И мы с Юрой пересекались на этих показах-спектаклях. Юра там играл, а я смотрел.
Уже тогда он считался очень перспективным актером. К тому же у него еще было дарование художника. А также замечательный юмор, деликатность в обращении. То есть это был как бы образ артиста начала XX века – мхатовской школы, с интеллигентными манерами и веселыми шутками…
Но мы не были еще близко знакомы…
А когда я начал снимать свою дипломную работу «Спокойный день в конце войны», то совершенно естественно обратился к своим однокашникам – Сереже Артамонову, Вале Смирнитскому, Саше Пороховщикову… И конечно, к Юре Богатыреву (это была одна компания). Тогда-то Юра и попал к нам на съемочную площадку в первый раз.
У него была очень маленькая роль. У других, правда, еще меньше, но там были хоть какие-то слова. Но зато у него была замечательная фактура – белоголовый, голубоглазый, с русой щетиной… Потрясающая фактура уже тогда…

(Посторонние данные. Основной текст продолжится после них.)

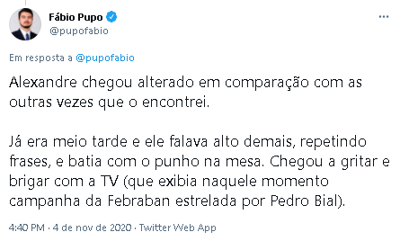 Fábio Pupo, a terceira testemunha, descreveu o que viu no Twitter e chegou a ser notificado pelo advogado de Alexandre, mas não tirou a publicação do ar.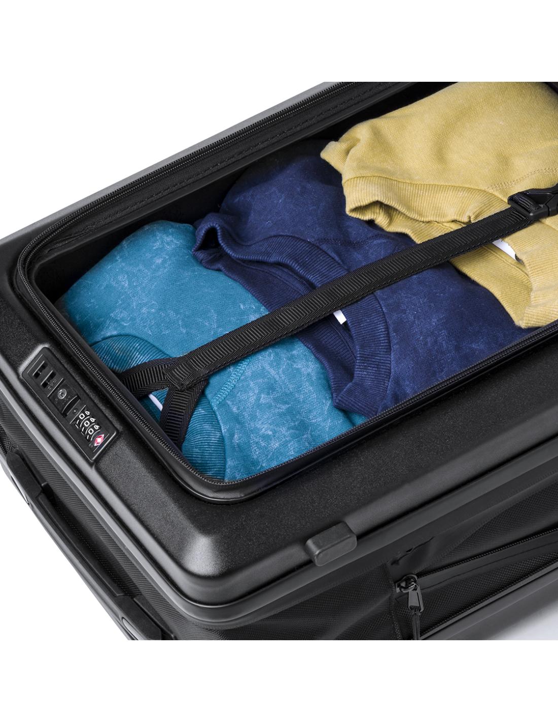 Práctico trolley plegable de 4 ruedas giratorias, en rígido ABS. Con la posibilidad de poder ampliar su capacidad por su parte central extensible, con cierre de cremallera de doble tirador. Equipado con un bolsillo acolchado para portátil de hasta 15 pulgadas y bolsillo para tablet de hasta 10 pulgadas, en la parte frontal. Cierre conforme a los estándares TSA -Administración de la Seguridad en el Transporte-, que permite a las autoridades de aduanas inspeccionar el contenido del equipaje sin tener que forzar o romper el cierre, a traves de una llave especial a disposición de la autoridad.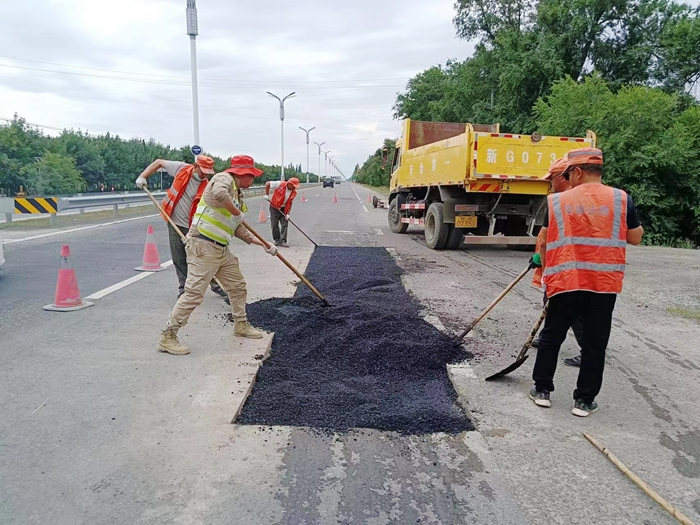 分局对公路沿线设施、路面明坑槽及时发现、快速修复,冷拌料修补路面坑槽21.3平方米,机械联合处治路面典型病害2710平方米,养护站职工处治路面严重龟裂1062平方米,更换破损、老化反光膜7.45平方米,紧固护栏螺丝6处,清理非法标志牌3块,清理非法附着物9处。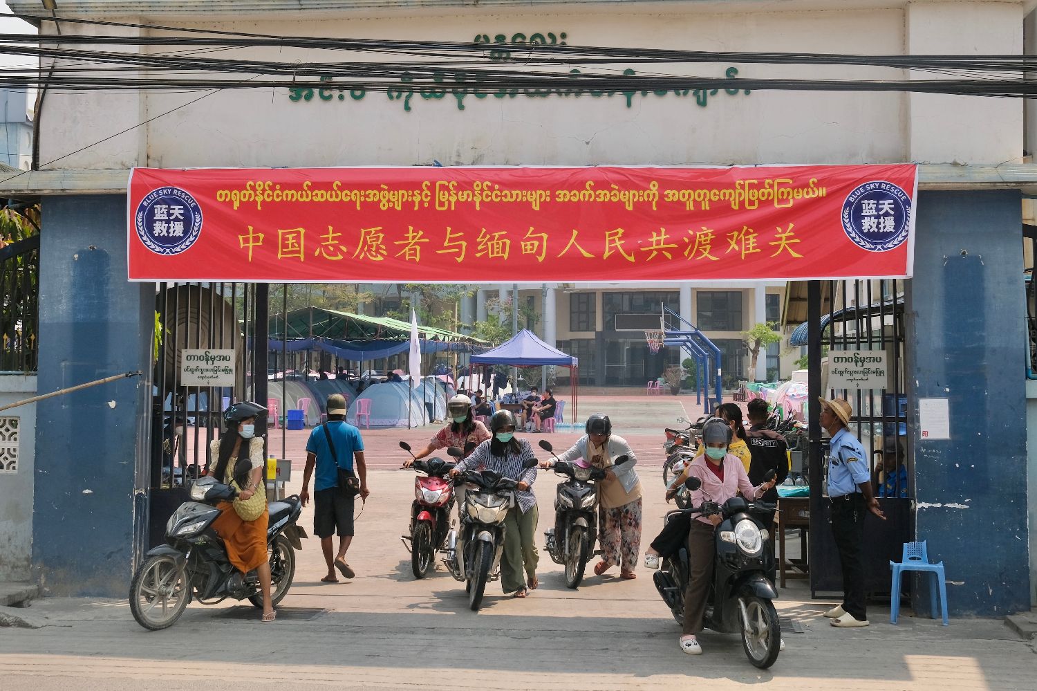 在曼德勒街道上,多辆挖掘机正在清理废墟,救援队和志愿者正在有条不紊地善后。一所学校门口悬挂着一条中缅双语横幅,上书“中国志愿者与缅甸人民共渡难关”。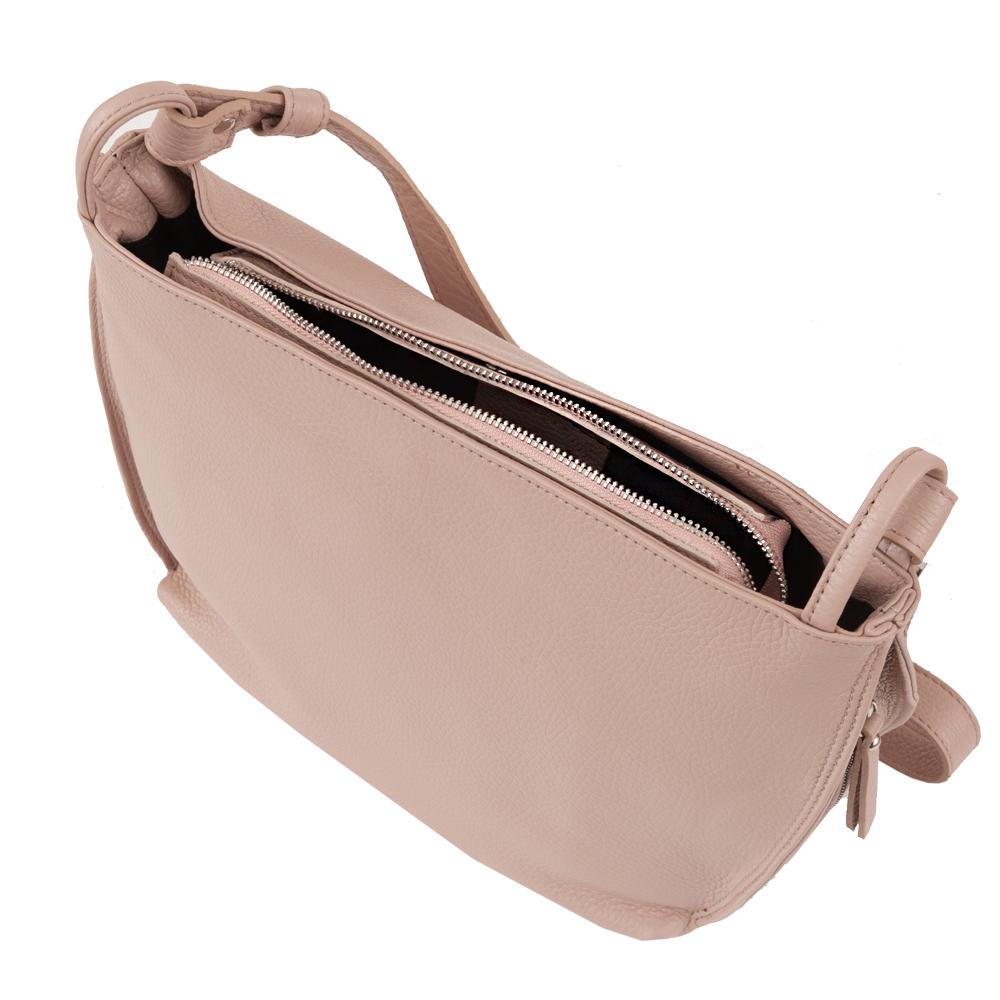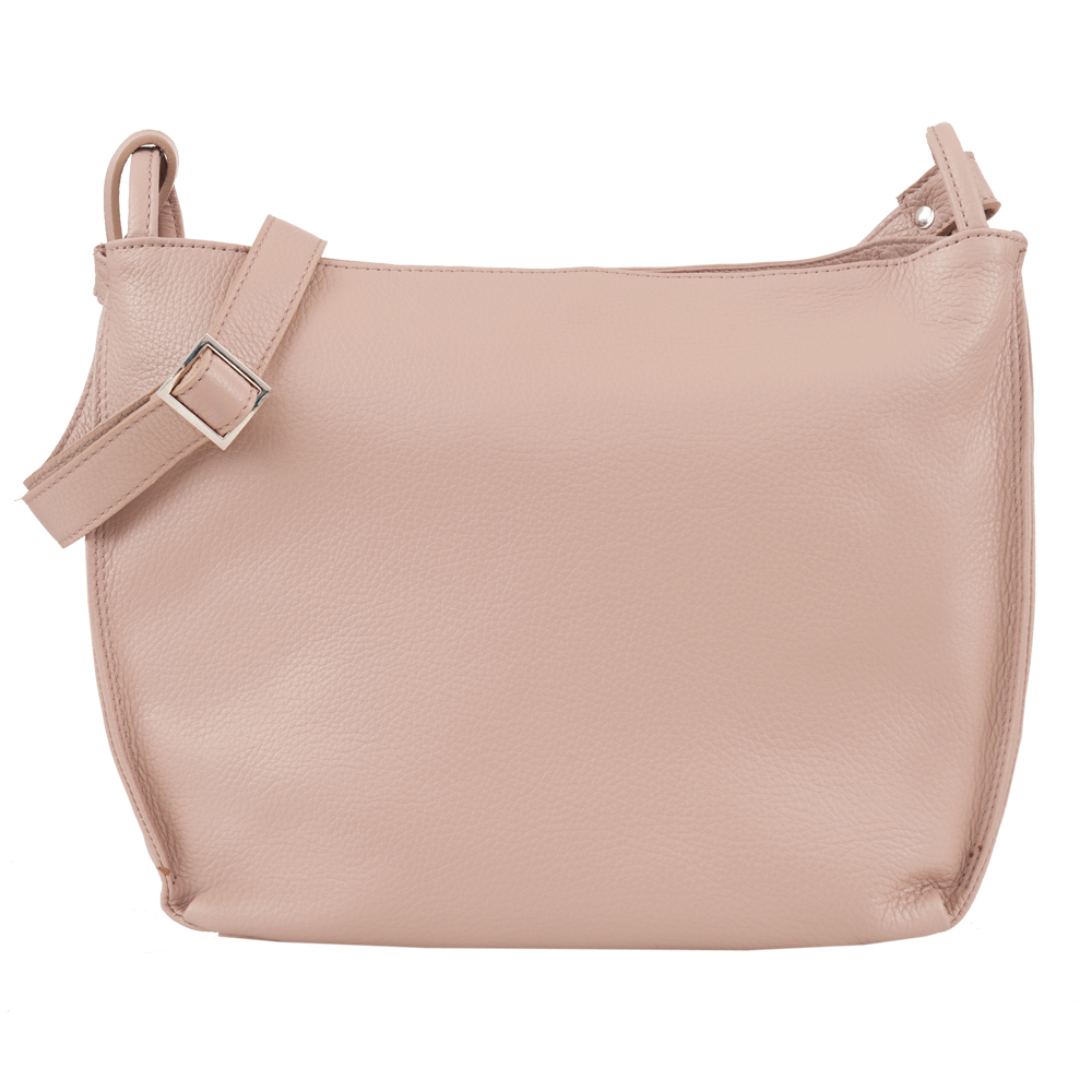 Vera Pelle - Włoska pojemna miękka skórzana torebka worek wykonana z wysokogatunkowej naturalnej skóry dolaro. Zamykana od góry na zamek na całej szerokości. Torebka trzykomorowa, na środku duża komora z kieszonką na zamek + kieszonka na telefon + kieszeń na klucze, drobiazgi. Wnętrze wykończone trwałą, materiałową podszewką. Boczne komory zamykane na magnes. Kieszonki po obu bokach torebki. Miękkie ucho umożliwia wygodne noszenie na ramieniu lub przez ramię jako listonoszka. Metalowe elementy wykończenia w kolorze srebrnym.

Потом я начал готовиться к «Своему среди чужих…». Вместе с Эдиком Володарским мы написали сценарий. И конечно, уже тогда в нем была роль для Юры. Потому что я видел его на экране и уже знал – по отрывкам из Достоевского, которого он очень любил, и по очень смешным ролям в водевилях, – какой он универсальный артист, какой замечательный характер. Но… я ушел в армию, и все отложилось на год с лишним.
* * *
Уезжая на Камчатку, Михалков попросил Богатырева не сниматься до его возвращения, пообещал хорошую роль. Тот поверил и стал ждать. И худеть. Потому что понимал: чекист Егор Шилов не может быть толстяком! И несколько месяцев, к изумлению соседей по общежитию, Богатырев обреченно ел капустные котлеты. Без хлеба. Он чувствовал, каким внешне должен быть его Шилов – поджарым, мускулистым…
* * *
Михалков вспоминает:
– Когда я вернулся, у меня столько накопилось энергии и жажды работы, что мы тут же включились и стали всех пробовать… Но на роль Шилова я никого не пробовал, кроме Юры.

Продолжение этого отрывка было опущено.